Reporter: Herlina KD | Editor: Herlina Kartika Dewi
KONTAN.CO.ID - JAKARTA. Harga minyak kembali menguat pada perdagangan Kamis (13/1) pagi. Pukul 07.05 WIB, harga minyak west texas intermediate (WTI) untuk pengiriman Februari 2022 di New York Mercantile Exchange ada di US$ 82,72 per barel, naik 0,09% dari sehari sebelumnya yang ada di US$ 82,64 per barel.

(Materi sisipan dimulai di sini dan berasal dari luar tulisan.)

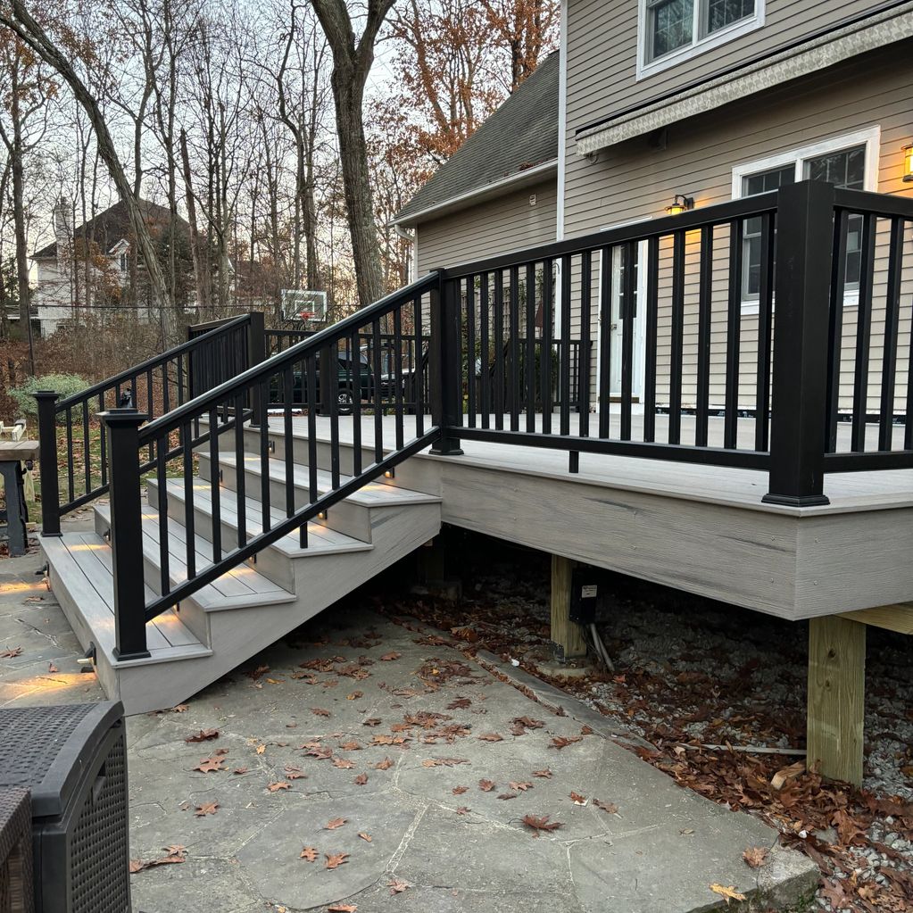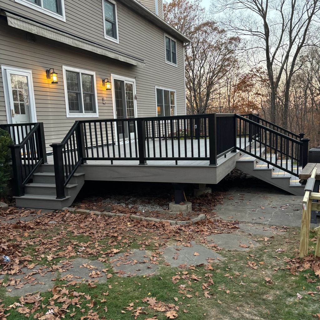 To complete the project, we installed sleek black railing around the perimeter for safety and a modern contrast, and built matching stair sets on both sides for easy access to the yard. We also made sure the new porch tied in neatly to the existing patio/walkway, with crisp lines, solid structure, and a professional finish throughout.

Harga minyak melanjutkan rally setelah stok minyak AS terkontraksi dan pasar mengetat. Data Energy Information Administration menunjukkan persediaan minyak mentah AS turun 4,6 juta barel pekan lalu menjadi 413,3 juta barel, terendah sejak Oktober 2018.
"Penarikan minyak mentah lebih besar dari yang diharapkan meskipun ada penurunan material dalam aktivitas penyulingan," kata Matt Smith, analis minyak utama untuk Amerika di Kpler, sebuah perusahaan data seperti dikutip Reuters.
Minyak mentah telah melonjak bulan ini karena sinyal bahwa konsumsi global sebagian besar mengatasi pukulan dari varian virus Omicron karena ekonomi utama terus pulih dari pandemi.
Baca Juga: Bagian dari Rencana Divestasi Aset di AS, Exxon Tawarkan Aset Shale Gas di Ohio
Persediaan minyak mentah AS telah turun selama tujuh minggu berturut-turut, dan persediaan secara keseluruhan telah diperketat di seluruh dunia karena produsen utama berjuang untuk meningkatkan pasokan bahkan ketika permintaan meningkat meskipun kasus Omicron meningkat.
OPEC+, masih menahan produksi lebih dari 3 juta barel per hari (bph) sementara ekspor Iran terhambat oleh sanksi AS.
Meskipun OPEC+ menaikkan target produksi setiap bulan, kesulitan teknis telah mencegah beberapa negara mencapai kuota mereka.
Gubernur Federal Reserve AS Jerome Powell mengatakan ekonomi AS harus menghadapi lonjakan COVID-19 saat ini dengan hanya dampak "berumur pendek" dan siap untuk memulai kebijakan moneter yang lebih ketat.
"Dengan asumsi China tidak mengalami pelambatan tajam, bahwa Omicron benar-benar menjadi Omi-gone, dan dengan kemampuan OPEC+ untuk meningkatkan produksi jelas terbatas, saya tidak melihat alasan mengapa minyak mentah Brent tidak dapat bergerak menuju US$ 100 di kuartal I mungkin lebih cepat," kata analis Oanda. Jeffrey Halley.